-- Exercise data follows --
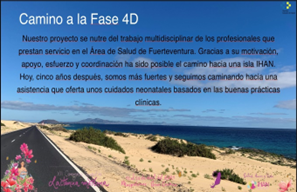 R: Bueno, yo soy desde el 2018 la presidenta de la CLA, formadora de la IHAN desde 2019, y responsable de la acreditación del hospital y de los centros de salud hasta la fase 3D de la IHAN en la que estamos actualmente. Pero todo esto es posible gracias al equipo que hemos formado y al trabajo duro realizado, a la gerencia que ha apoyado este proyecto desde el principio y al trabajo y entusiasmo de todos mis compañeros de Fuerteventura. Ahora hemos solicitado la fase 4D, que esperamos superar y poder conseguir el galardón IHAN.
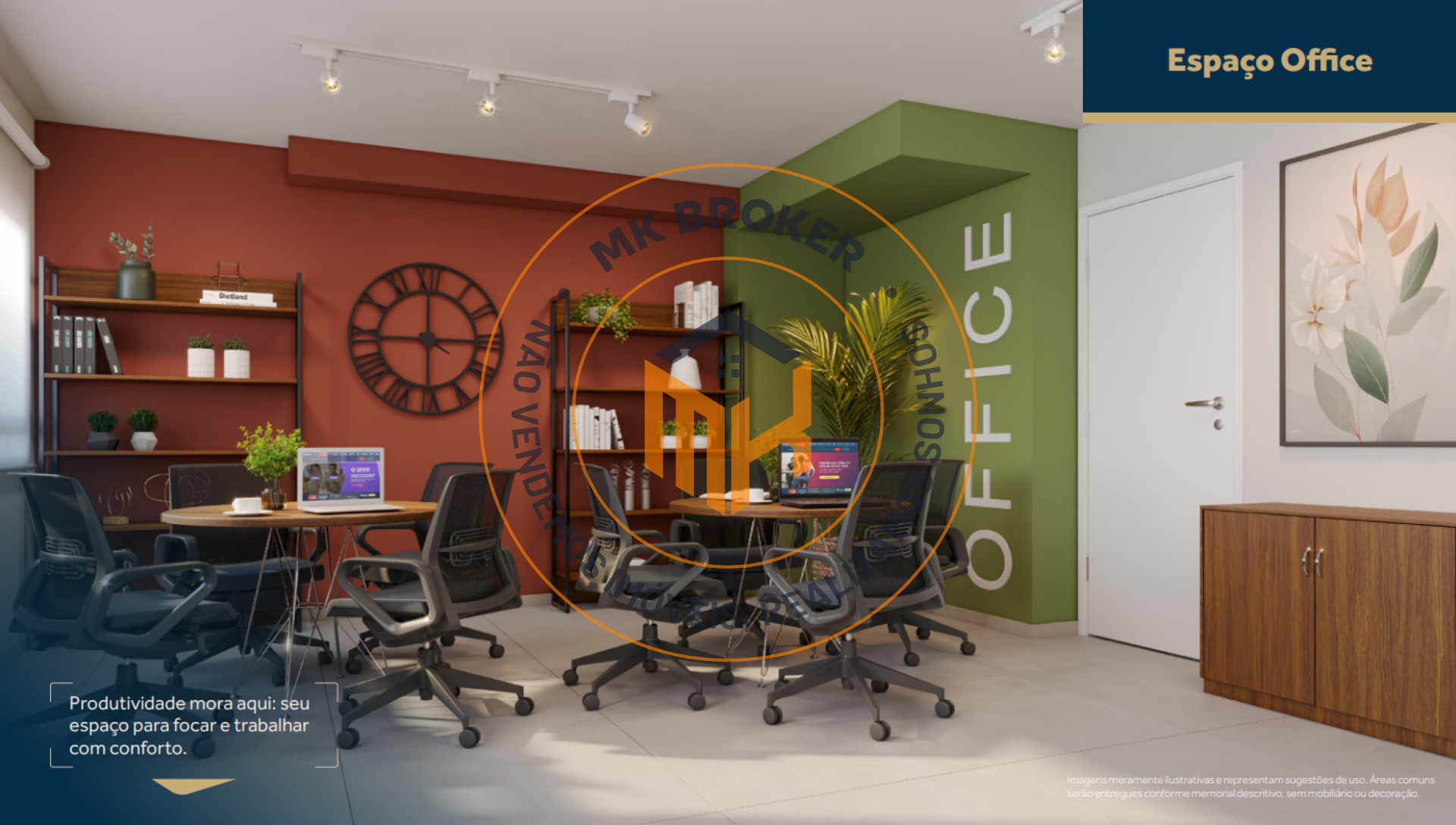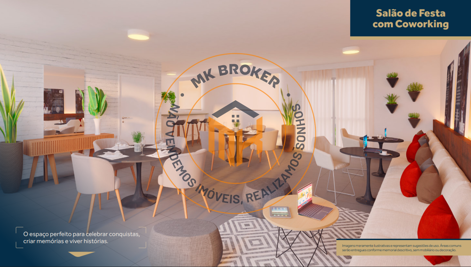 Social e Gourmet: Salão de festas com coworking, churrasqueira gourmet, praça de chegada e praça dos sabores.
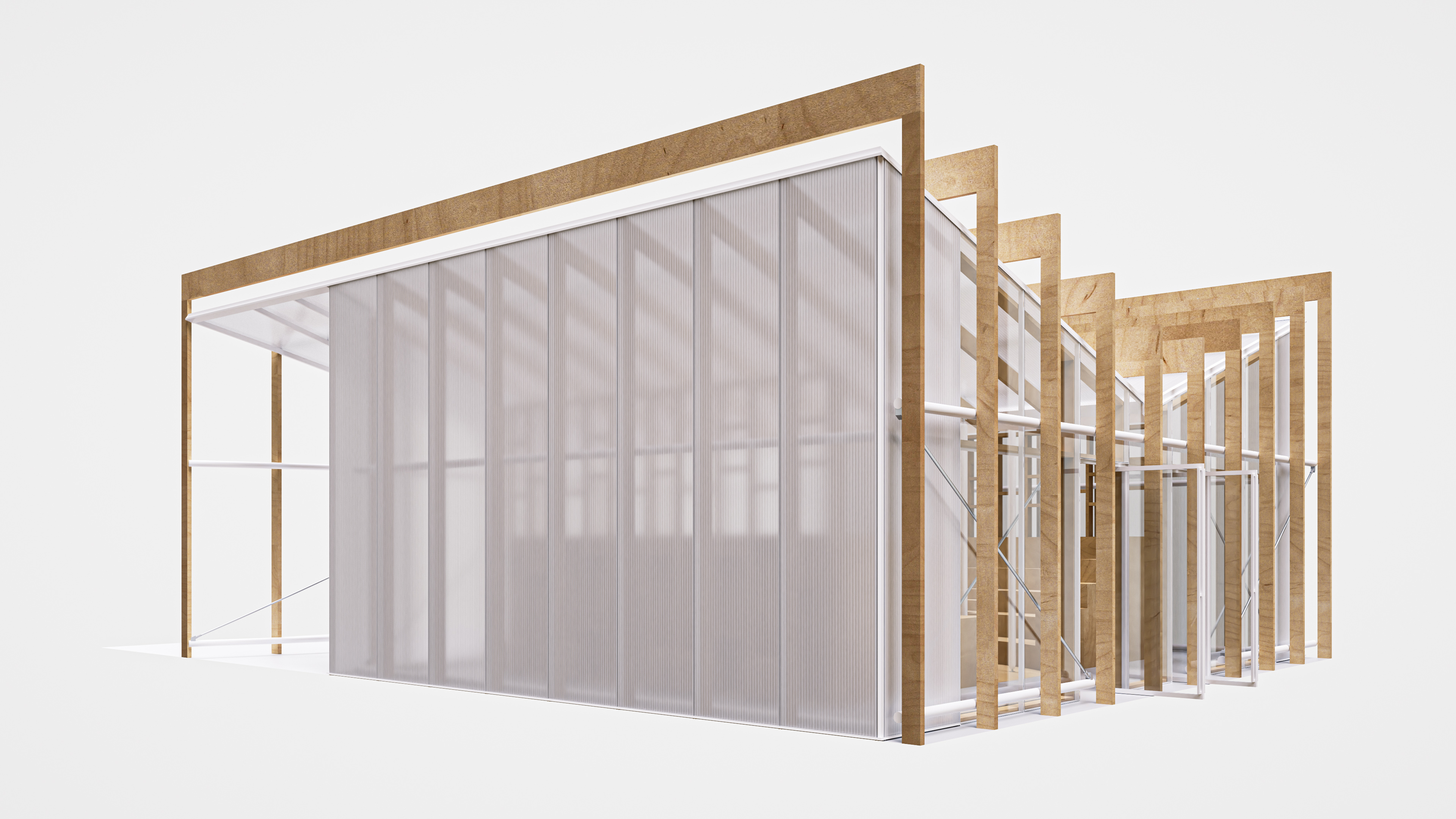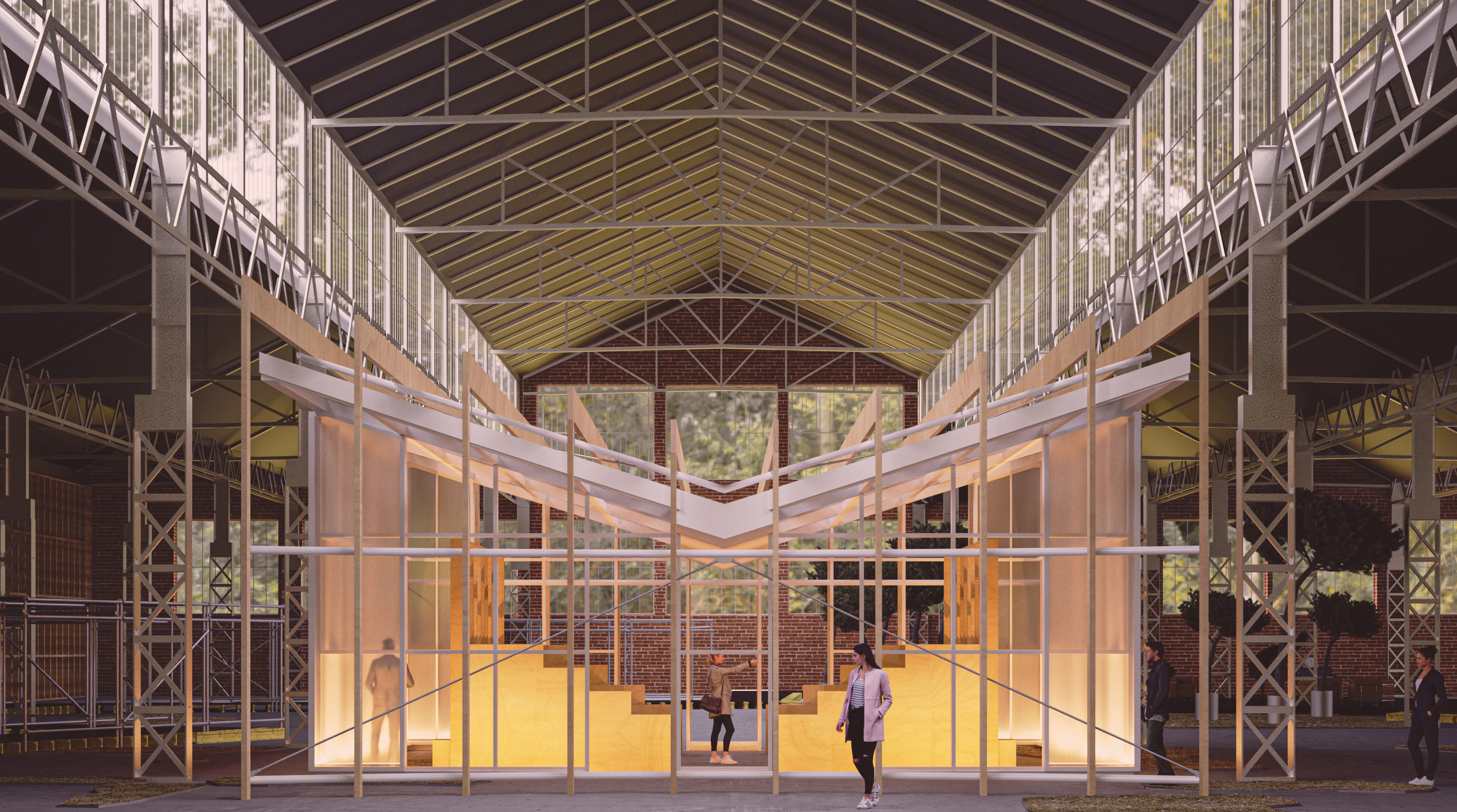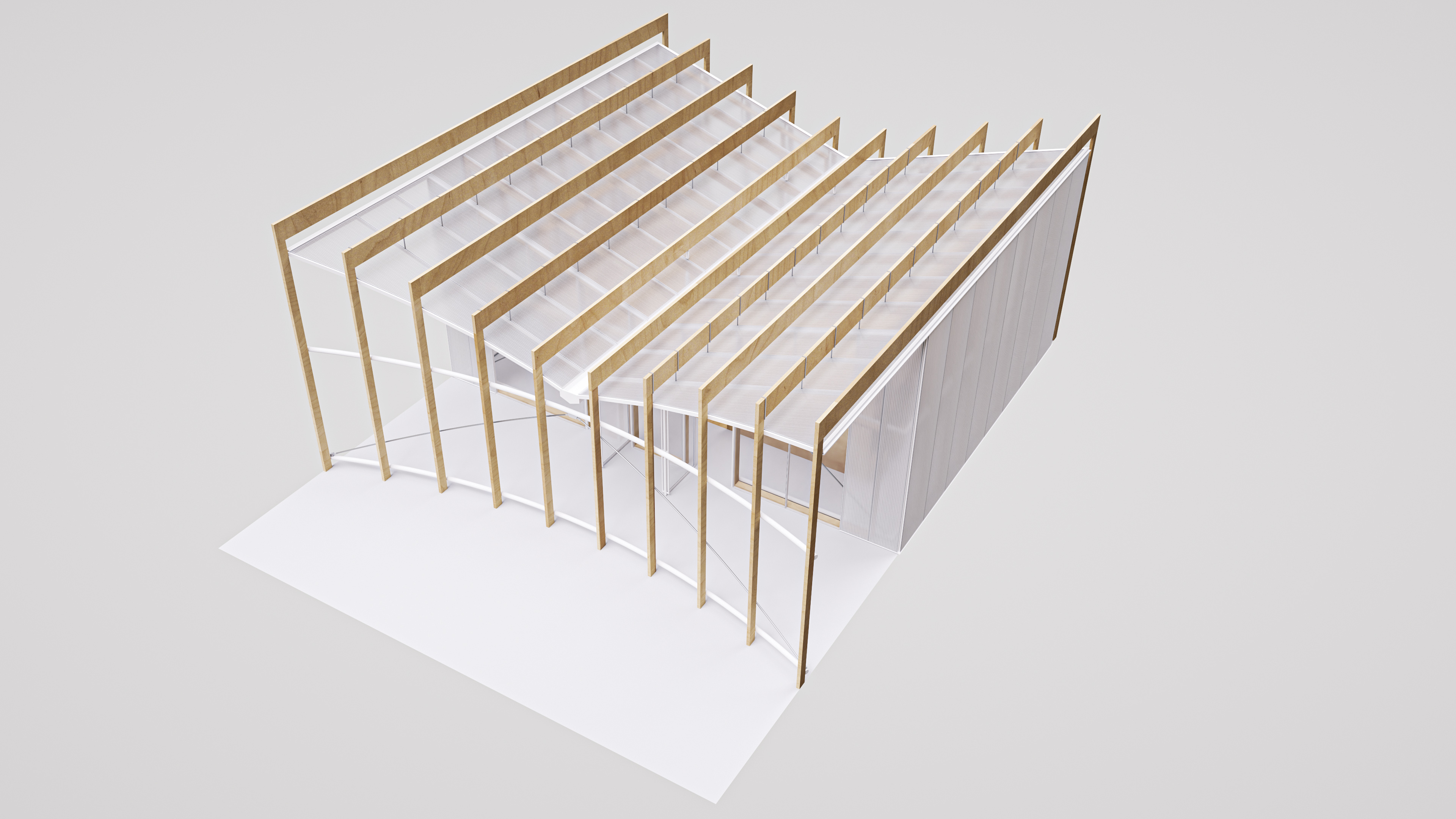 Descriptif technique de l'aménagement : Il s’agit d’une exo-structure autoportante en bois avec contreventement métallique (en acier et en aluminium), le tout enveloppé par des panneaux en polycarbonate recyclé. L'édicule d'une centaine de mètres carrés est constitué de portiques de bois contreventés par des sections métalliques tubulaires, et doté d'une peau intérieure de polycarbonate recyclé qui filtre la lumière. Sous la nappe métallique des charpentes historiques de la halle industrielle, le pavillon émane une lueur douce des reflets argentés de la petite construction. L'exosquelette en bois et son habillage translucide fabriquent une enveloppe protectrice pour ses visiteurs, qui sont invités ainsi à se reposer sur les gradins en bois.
-- Exercise data concluded --
Required work:
Please transcribe the listing above verbatim and exclude every picture.

Finished task:
 R: Bueno, yo soy desde el 2018 la presidenta de la CLA, formadora de la IHAN desde 2019, y responsable de la acreditación del hospital y de los centros de salud hasta la fase 3D de la IHAN en la que estamos actualmente. Pero todo esto es posible gracias al equipo que hemos formado y al trabajo duro realizado, a la gerencia que ha apoyado este proyecto desde el principio y al trabajo y entusiasmo de todos mis compañeros de Fuerteventura. Ahora hemos solicitado la fase 4D, que esperamos superar y poder conseguir el galardón IHAN.
 Social e Gourmet: Salão de festas com coworking, churrasqueira gourmet, praça de chegada e praça dos sabores.
 Descriptif technique de l'aménagement : Il s’agit d’une exo-structure autoportante en bois avec contreventement métallique (en acier et en aluminium), le tout enveloppé par des panneaux en polycarbonate recyclé. L'édicule d'une centaine de mètres carrés est constitué de portiques de bois contreventés par des sections métalliques tubulaires, et doté d'une peau intérieure de polycarbonate recyclé qui filtre la lumière. Sous la nappe métallique des charpentes historiques de la halle industrielle, le pavillon émane une lueur douce des reflets argentés de la petite construction. L'exosquelette en bois et son habillage translucide fabriquent une enveloppe protectrice pour ses visiteurs, qui sont invités ainsi à se reposer sur les gradins en bois.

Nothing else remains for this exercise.